DDT's safety record is being unfairly attacked. It remains an essential tool for controlling disease-carrying insects.
DDT bioaccumulates in the food chain and is a probable carcinogen. The EPA's DDT hearings ran through 1971–72. The ban came in June 1972.
What changed?
The hearings began in August 1971 in a converted ballroom in Washington, D.C. The Environmental Protection Agency, less than two years old, had committed to a full adversarial proceeding to determine whether DDT's registration should be canceled, a process that would run for seven months and produce a record so voluminous that it required a dedicated index. On one side sat lawyers and scientists representing the domestic pesticide manufacturers; on the other, attorneys from the Environmental Defense Fund, the organization that had spent years pursuing the ban through state courts and had finally forced the federal proceeding. Edmund Sweeney, the EPA hearing examiner, presided. The question before him was technical and deeply contested: what the science actually said about DDT's risks to human health and the environment.
The chemical industry's presentation rested on a sharp distinction between what had been demonstrated and what had been extrapolated. Yes, DDT accumulated in fatty tissues. Yes, populations of predatory birds had declined. Yes, laboratory rodents fed extremely high doses of DDT had developed liver tumors. But demonstrating ecological harm to birds was not the same as demonstrating cancer risk to humans; animal studies at doses far beyond any human exposure level did not straightforwardly translate into risk; and malaria, which DDT had helped suppress across tropical regions, killed millions of people per year. Placing DDT in the category of unacceptable risk required a chain of inferences the industry characterized as ideological rather than scientific.

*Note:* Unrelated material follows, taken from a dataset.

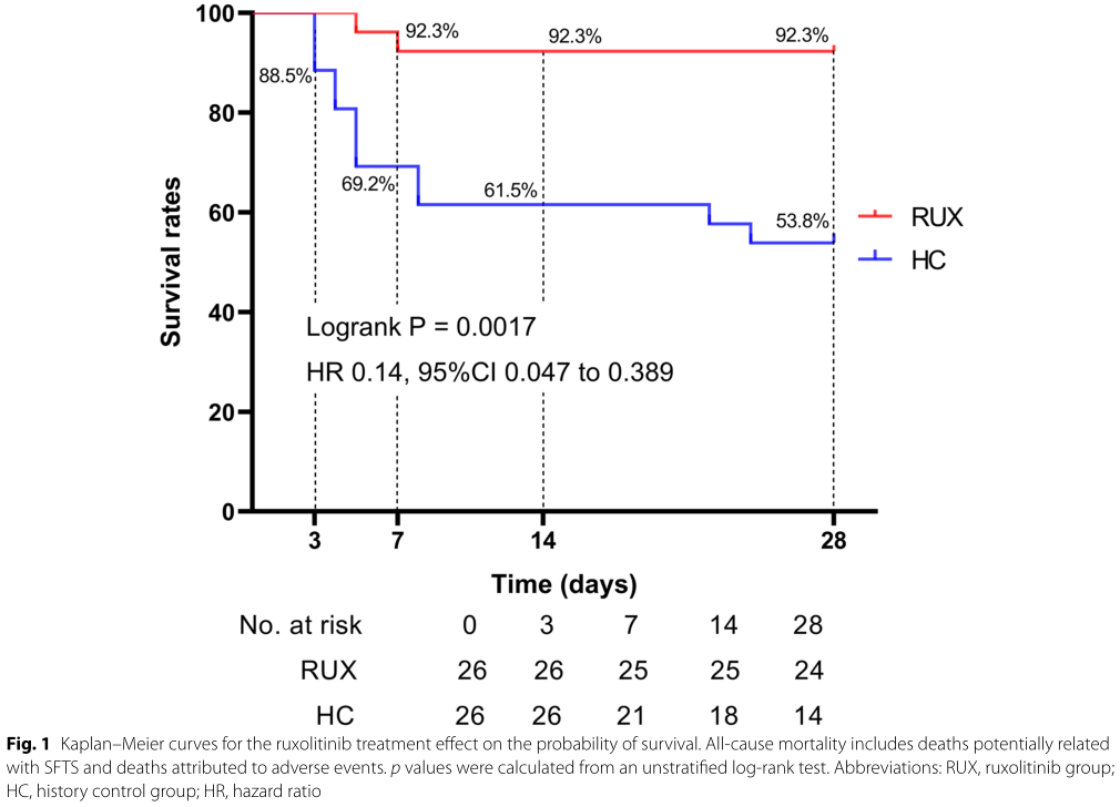 结果:在2022年9月16日至2023年9月16日期间,26名参与者被招募到ruxolitinib治疗组(RUX组)。RUX组28天总死亡率为7.7%,HC组为46.2% (P = 0.0017)。RUX组ICU住院比例(15.4% vs 65.4%, p < 0.001)和总住院费用显著低于对照组。在所有存活的参与者中,观察到神经系统症状、血小板计数、高铁蛋白血症的显著改善,以及血清SFTS病毒载量的绝对下降。6例(23.2%)患者出现治疗相关不良事件,8例(30.8%)患者出现恶化,无严重治疗相关不良事件报告。

The Environmental Defense Fund's case drew on researchers who had documented the chemical's behavior in the field over fifteen years. DDT's persistence, its half-life in soil could stretch to fifteen years, meant that applications made years earlier were still cycling through ecosystems. Its lipophilic properties caused it to concentrate as it moved up food chains, so that a small application to a field produced measurable concentrations in the fat of birds and fish far from the site. Charles Wurster, a chemist who had been among the founders of the Environmental Defense Fund, testified on the ecological accumulation data. Scientists from the National Cancer Institute testified on the animal carcinogenicity findings. Robert Risebrough, an ornithologist who had been studying the collapse of peregrine falcon populations, detailed the eggshell-thinning mechanism with a precision that the industry's witnesses could not adequately contest.
Edmund Sweeney's decision, issued in April 1972, recommended against canceling DDT's registration. He found the human health evidence inconclusive and the agricultural utility significant. William Ruckelshaus overrode him. In the final order issued June 14, 1972, Ruckelshaus accepted that the ecological evidence alone, the persistence, the bioaccumulation, the documented harm to wildlife, was sufficient to cancel DDT's domestic agricultural registrations. The human carcinogenicity question was addressed not as definitively proven but as an unacceptable level of uncertainty given what was already known.
The year 1971 marks the period when the contested-science framing was at its operational peak, when the industry could plausibly argue in a formal legal proceeding that the evidence was genuinely split. The proceedings generated an enormous record that would be cited for decades as evidence that the scientific case against DDT had once been legitimately uncertain. By the time Ruckelshaus issued his order, the scientific basis for that argument had been substantially eroded. What the hearings had produced, across nine thousand pages and dozens of expert witnesses, was a documentation of what the science actually supported, and what, on examination, turned out to be advocacy dressed as uncertainty.